Photo Illustration by The Daily Beast; Getty; Courtesy of Fox; Little, Brown
Photo Illustration by The Daily Beast; Getty; Courtesy of Fox; Little, Brown

A writer is suing Warner Bros. for allegedly copying the premise of, and lifting direct bits of dialogue from, his book series about the hunt for a copycat serial killer.

Author Barry Lyga says the studio originally held the option for his New York Times bestselling novel I Hunt Killers back in 2011, a year before it was even published. The novel and its two sequels center on Jasper “Jazz” Dent, the teen son of famous serial killer William “Billy” Dent. When another killer begins copying his dad’s murders, Jazz must confront his estranged father in prison in an effort to stop the new string of crimes.

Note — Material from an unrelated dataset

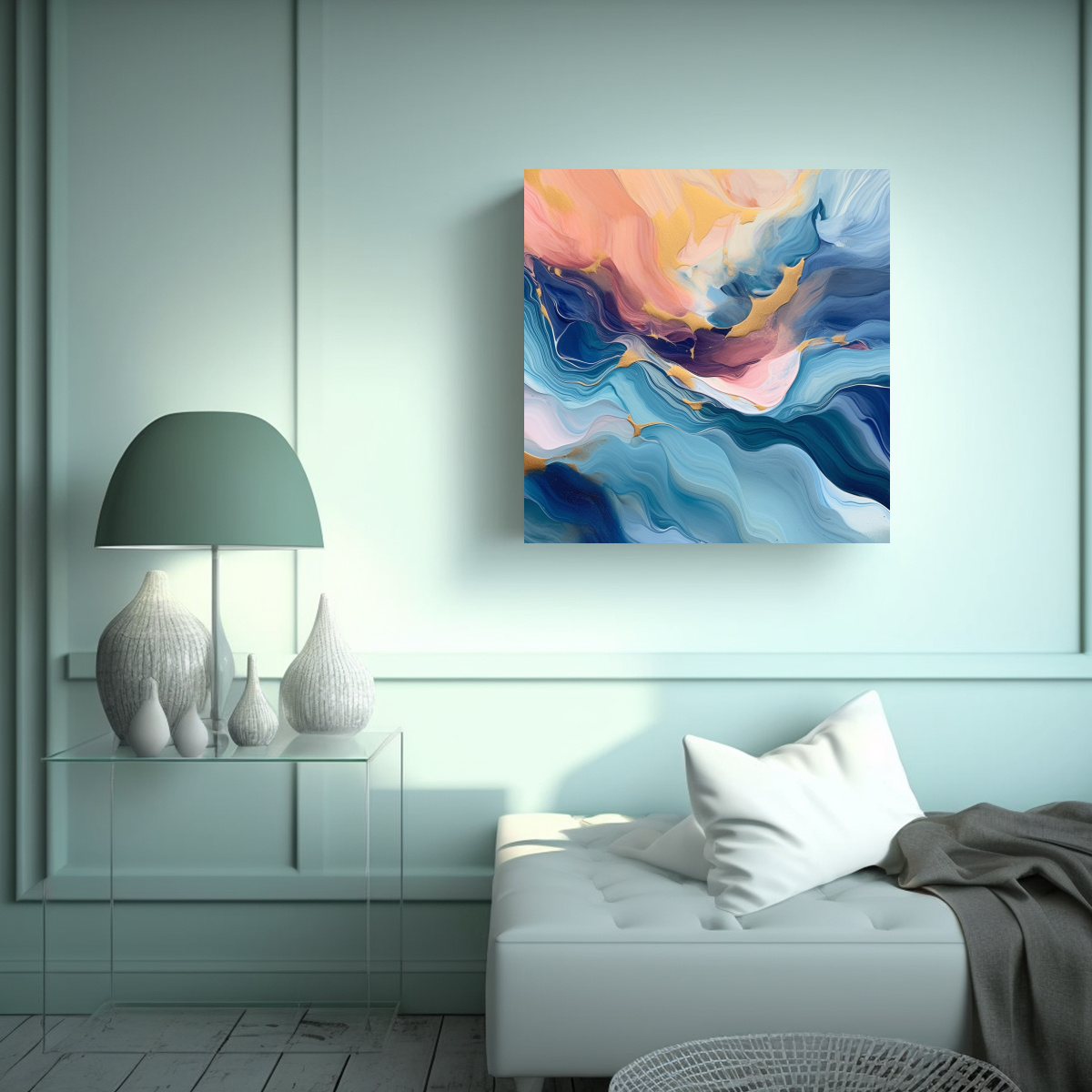 DecoCuadros te ofrece el cuadro Arte Serenidad Profunda: Líneas y Composición Abstracta con los colores Rosado Claro, Turquesa, Azul Marino grisaceo, Verde Azulado, Plateado, Gris y Coral Nuestros diseños exclusivos y la mejor calidad del mercado a precios accesibles Entrega gratuita en Santiago y envíos express a regiones

Warner Bros. Television renewed the option twice and assigned a showrunner to create a pilot for ABC Family before eventually abandoning the project in 2014, according to a federal lawsuit filed last week in the Central District of California. Lyga claims Warner’s biggest issue was his protagonist’s age.

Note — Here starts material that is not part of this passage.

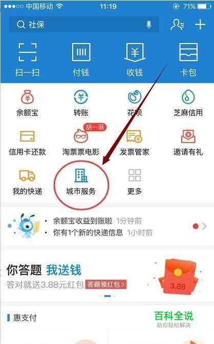 首先,打开手机支付宝,然后点开 城市服务

In September 2019, Prodigal Son premiered on Fox. Made by Warner and Berlanti Productions, the show followed Malcolm, an adult New York City cop who reluctantly reconnects with his incarcerated serial killer father, John, in an effort to stop a suspiciously similar string of slaughters. The series starred The Walking Dead’s Tom Payne as Malcolm and Michael Sheen as John.

Fox, Berlanti, executive producer Sarah Schechter, and co-creators Chris Fedak and Sam Sklaver are also named as defendants.

Lyga, 51, says the resemblance between his books and the show is uncanny.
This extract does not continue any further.